- Directed by: Ulf Hultberg Åsa Faringer
- Written by: Bob Foss
- Produced by: Michael Lunderskov
- Starring: Michael Nyqvist Lumi Cavazos Kate del Castillo Lisa Werlinder Carsten Nørgaard Daniel Giménez Cacho Patrick Bergin Claire Ross-Brown Alvaro Uccelletti Cristián Campos Luis Gnecco
- Cinematography: Dirk Brüel
- Edited by: Leif Axel Kjeldsen
- Music by: Jacob Groth
- Production companies: Mandala Films Moviefan Scandinavia A/S Original Film
- Distributed by: Nordisk Film
- Release date: 14 September 2007;
- Running time: 95 minutes
- Countries: Sweden Denmark Mexico
- Languages: English Spanish
- Box office: $704,740

= The Black Pimpernel =

The Black Pimpernel (Svarta nejlikan; El clavel negro) is a 2007 Swedish drama film directed by Ulf Hultberg and Åsa Faringer, and starring Michael Nyqvist and Lisa Werlinder. The film also features Lumi Cavazos, Kate del Castillo, Luis Gnecco and Claire Ross-Brown in supporting roles. A co-production between Sweden, Denmark and Mexico, the film was written by Bob Foss and produced by Michael Lunderskov.

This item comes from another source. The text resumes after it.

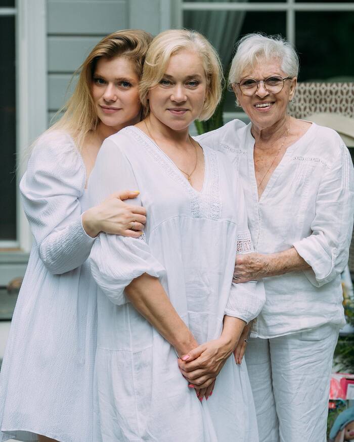 На новых кадрах 90-летняя Алиса Фрейндлих танцует с правнуками, кормит их с вилочки. “За этим столом 4 поколения”,- с гордостью говорит пережившая блокаду Ленинграда, Фрейндлих.
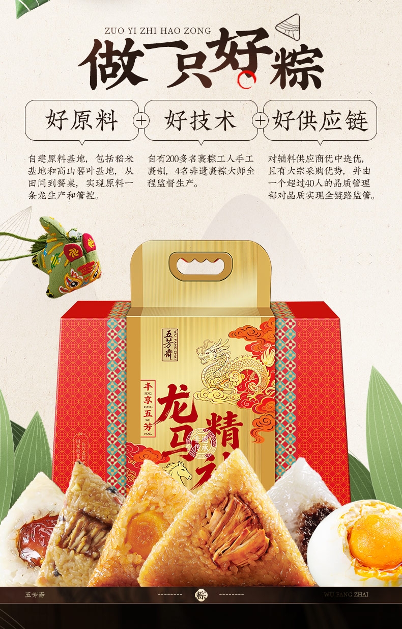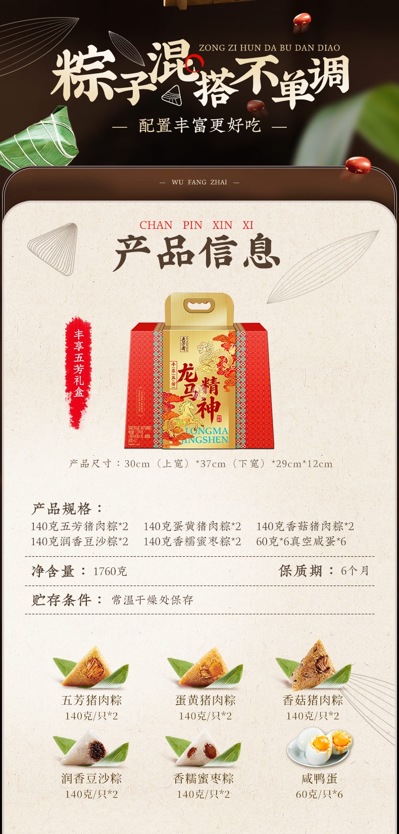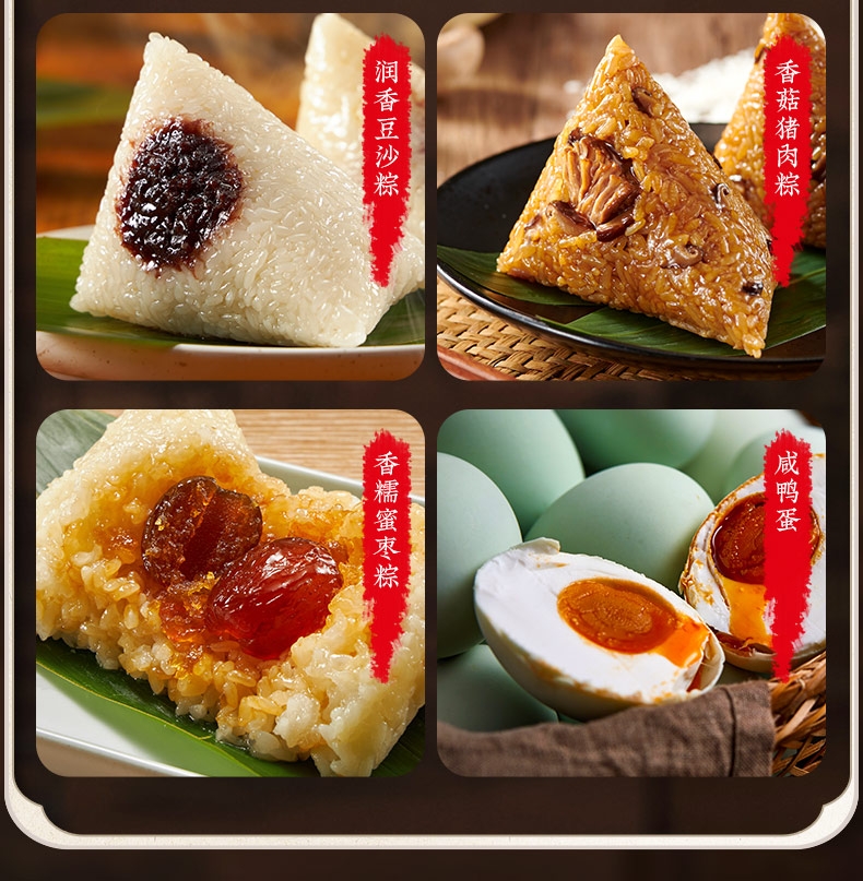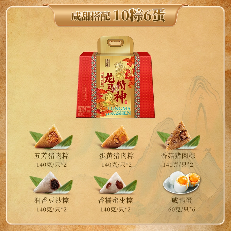 配置清单:五芳猪肉粽140g/袋*2 蛋黄猪肉粽140g/袋*2 香菇猪肉粽140g/袋*2 润香豆沙粽140g/袋*2 香糯蜜枣粽140g/袋*2 咸鸭蛋60g*6/盒*1

The film dramatizes the story of Harald Edelstam, Sweden's ambassador to Chile, who after the 1973 military coup led by Augusto Pinochet against Salvador Allende used his diplomatic position to shelter and evacuate people being persecuted by the new military junta, ultimately helping more than 1,300 people leave the country by taking them to his embassy and transporting them to Sweden. Edelstam's nickname, "the Black Pimpernel", which gives the film its title, alludes to the fictional hero of The Scarlet Pimpernel, who rescued aristocrats during the French Revolution, and had previously been applied to Edelstam for his role in aiding the Norwegian resistance movement during World War II.

== Synopsis ==
Following the 1973 coup that overthrows Salvador Allende's government, Swedish ambassador Harald Edelstam uses his diplomatic immunity to shelter refugees from the military junta inside the Swedish embassy in Santiago, and conducts nighttime expeditions across the city to find others in need of protection. When soldiers threaten to storm the Cuban embassy, Edelstam personally intervenes and places it under Swedish protection, defying both the Chilean military and members of his own government who oppose his actions. Alongside his political defiance, the film follows a romance between Edelstam and a Chilean activist, complicating his efforts to protect those in his care.

== Cast ==
- Michael Nyqvist as Harald Edelstam
- Lumi Cavazos
- Kate del Castillo as Consuelo Fuentes
- Lisa Werlinder as Susanne
- Carsten Nørgaard
- Daniel Giménez Cacho
- Patrick Bergin
- Claire Ross-Brown
- Alvaro Uccelletti
- Cristián Campos
- Luis Gnecco

== Production ==
The Black Pimpernel was produced by Mandala Films, Moviefan Scandinavia A/S and Original Film, in association with Amnesty International, as a co-production between Sweden, Denmark and Mexico. Michael Lunderskov served as producer, with Raquel Guajardo as executive producer and Hultberg and Faringer as co-producers. Cinematography was by Dirk Brüel, editing by Leif Axel Kjeldsen, music by Jacob Groth, production design by Peter Grant and costume design by Carol Raddatz Aroca.

Principal photography took place entirely on location in Santiago, Chile, beginning in January 2006, including scenes filmed outside the presidential palace La Moneda and inside the National Stadium, where hundreds of prisoners were tortured and killed following the coup. A short interview with the real Harald Edelstam, filmed before his death in 1989, was appended to the end of the film along with an Amnesty International endorsement.

== Release ==
The film premiered at the Haugesund Film Festival in Norway on August 22, 2007, before opening theatrically in Sweden on September 14, 2007, distributed by Nordisk Film. It was released in Denmark on November 2, 2007. The film grossed approximately $704,740 worldwide.

== Reception ==
Reviewing the film for Variety, Gunnar Rehlin called it "handsome but lacks real punch," praising its "thorough sense of realism" from being shot on the actual locations of the coup but criticizing the film for never getting "under the surface of the material." Rehlin wrote that Nyqvist was "fine as Edelstam" but felt the film as a whole lacked "heartfelt emotion."